Actually, what is called is the implicitly defined operator =for Derived. The definition provided by the compiler in turn calls operator =for the Baseand you see the corresponding output. The same is with the constructor and destructor. When you leave it to the compiler to define operator =, it defines it as follows:

实际上，所谓的是隐式定义的operator =for Derived。通过依次编译器提供的定义调用operator =了Base，你会看到相应的输出。构造函数和析构函数也是如此。当你把它留给编译器去定义时operator =，它定义如下：

Derived& operator = (const Derived& rhs)
{
    Base1::operator =(rhs);
    ...
    Basen::operator =(rhs);
    member1 = rhs.member1;
    ...
    membern = rhs.membern; 
}

where Base1,...,Basenare the bases of the class (in order of specifying them in the inheritance list) and member1, ..., membernare the members of Derived (not counting the members that were inherited) in the order you declared them in the class definition.

其中Base1,...,Basen是类的基类（按照在继承列表中指定它们的顺序）和member1, ..., membern派生的成员（不计算被继承的成员），按照您在类定义中声明它们的顺序。

You can also use "using":

您还可以使用“使用”：

class Derived : public Base{
public:
    using Base::operator=;
};

http://en.cppreference.com/w/cpp/language/using_declaration

http://en.cppreference.com/w/cpp/language/using_declaration

I read this post several time before someone helped me with this.

在有人帮助我之前，我多次阅读了这篇文章。

You don't have a default

你没有默认

Derived& operator=(const Base& a);

in your Derivedclass.

在你的Derived课堂上。

A default assignment operator, however, is created:

但是，创建了默认赋值运算符：

Derived& operator=(const Derived& a);

and this calls the assignment operator from Base. So it's not a matter of inheriting the assignment operator, but calling it via the default generated operator in your derived class.

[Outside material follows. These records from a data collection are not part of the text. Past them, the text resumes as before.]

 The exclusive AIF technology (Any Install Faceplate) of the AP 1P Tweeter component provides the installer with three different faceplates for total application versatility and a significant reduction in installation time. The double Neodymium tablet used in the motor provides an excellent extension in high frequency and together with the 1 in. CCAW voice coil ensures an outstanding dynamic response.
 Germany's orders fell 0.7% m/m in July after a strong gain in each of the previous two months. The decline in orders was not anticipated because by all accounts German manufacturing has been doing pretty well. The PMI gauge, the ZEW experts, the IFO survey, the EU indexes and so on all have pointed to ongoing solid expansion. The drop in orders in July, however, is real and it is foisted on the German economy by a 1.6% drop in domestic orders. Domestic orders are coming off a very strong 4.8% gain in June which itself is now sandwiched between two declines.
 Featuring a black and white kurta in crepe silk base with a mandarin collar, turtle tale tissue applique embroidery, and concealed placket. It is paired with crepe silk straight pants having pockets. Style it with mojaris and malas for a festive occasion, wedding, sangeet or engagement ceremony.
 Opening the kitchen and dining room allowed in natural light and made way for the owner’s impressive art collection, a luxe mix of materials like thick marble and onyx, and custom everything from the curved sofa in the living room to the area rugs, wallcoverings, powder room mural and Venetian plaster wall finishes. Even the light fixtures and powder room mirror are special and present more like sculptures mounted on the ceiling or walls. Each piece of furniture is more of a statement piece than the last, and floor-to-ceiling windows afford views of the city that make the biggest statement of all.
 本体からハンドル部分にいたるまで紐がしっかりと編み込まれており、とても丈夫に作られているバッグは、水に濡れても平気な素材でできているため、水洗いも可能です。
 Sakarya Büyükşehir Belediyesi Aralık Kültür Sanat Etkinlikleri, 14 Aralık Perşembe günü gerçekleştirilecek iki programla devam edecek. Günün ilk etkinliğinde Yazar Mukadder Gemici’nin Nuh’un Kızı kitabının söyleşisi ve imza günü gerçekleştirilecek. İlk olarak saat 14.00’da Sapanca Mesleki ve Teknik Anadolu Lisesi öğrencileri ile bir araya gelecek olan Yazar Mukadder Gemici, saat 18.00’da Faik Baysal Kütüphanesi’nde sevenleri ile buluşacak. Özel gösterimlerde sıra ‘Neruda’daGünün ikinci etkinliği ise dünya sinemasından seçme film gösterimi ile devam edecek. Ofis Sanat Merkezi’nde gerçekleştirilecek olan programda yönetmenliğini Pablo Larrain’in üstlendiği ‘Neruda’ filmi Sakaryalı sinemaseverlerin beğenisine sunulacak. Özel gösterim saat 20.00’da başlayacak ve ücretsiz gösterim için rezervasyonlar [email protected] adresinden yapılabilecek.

这从 调用赋值运算符Base。所以这不是继承赋值运算符的问题，而是通过派生类中默认生成的运算符调用它。

Standard says (12.8):

标准说（12.8）：

An assignment operator shall be implemented by a non-static member function with exactly one parameter. Because a copy assignment operator operator= is implicitly declared for a class if not declared by the user (12.8), a base class assignment operator is always hidden by the copy assignment operator of the derived class.

赋值运算符应由一个只有一个参数的非静态成员函数实现。因为如果用户未声明，则为类隐式声明了复制赋值运算符 operator= (12.8)，所以基类赋值运算符始终被派生类的复制赋值运算符隐藏。

and then assignment operator of derived call your base

然后派生的赋值运算符调用你的基数

The implicitly-defined copy/move assignment operator for a non-union class X performs memberwise copy-/move assignment of its subobjects. The direct base classes of X are assigned first, in the order of their declaration in the base-specifier-list, and then the immediate non-static data members of X are assigned, in the order in which they were declared in the class definition.

非联合类 X 的隐式定义的复制/移动赋值运算符执行其子对象的成员复制/移动赋值。X 的直接基类首先按照它们在基类说明符列表中的声明顺序赋值，然后按照它们在类定义中声明的顺序赋值 X 的直接非静态数据成员.

That is because the default assignment operator created calls it's base assignment operator, i.e. it isn't inherited but still called as part of the default assignment operator.

这是因为创建的默认赋值运算符调用它的基本赋值运算符，即它不是继承的，但仍作为默认赋值运算符的一部分调用。

Assignment operator is indeed not inherited. Inheriting that operator would enable you to assign a Baseto a Derived, however Base b; p = a;will (rightfully) fail to compile.

赋值运算符确实不是继承的。继承该运算符将使您能够将 a 分配Base给 a Derived，但是Base b; p = a;将（理所当然地）无法编译。

What happens is that the compiler generates an operator=, since you haven't defined a custom one for Derived. The autogenerated operator=will call the assignment operators of all all base classes and all members. In that aspect it is much the same as constructors/destructors, which also call the respective function on all Bases/members.

发生的情况是编译器生成一个operator=，因为您还没有为Derived. 自动生成的operator=将调用所有基类和所有成员的赋值运算符。在这方面，它与构造函数/析构函数非常相似，它们也在所有基础/成员上调用相应的函数。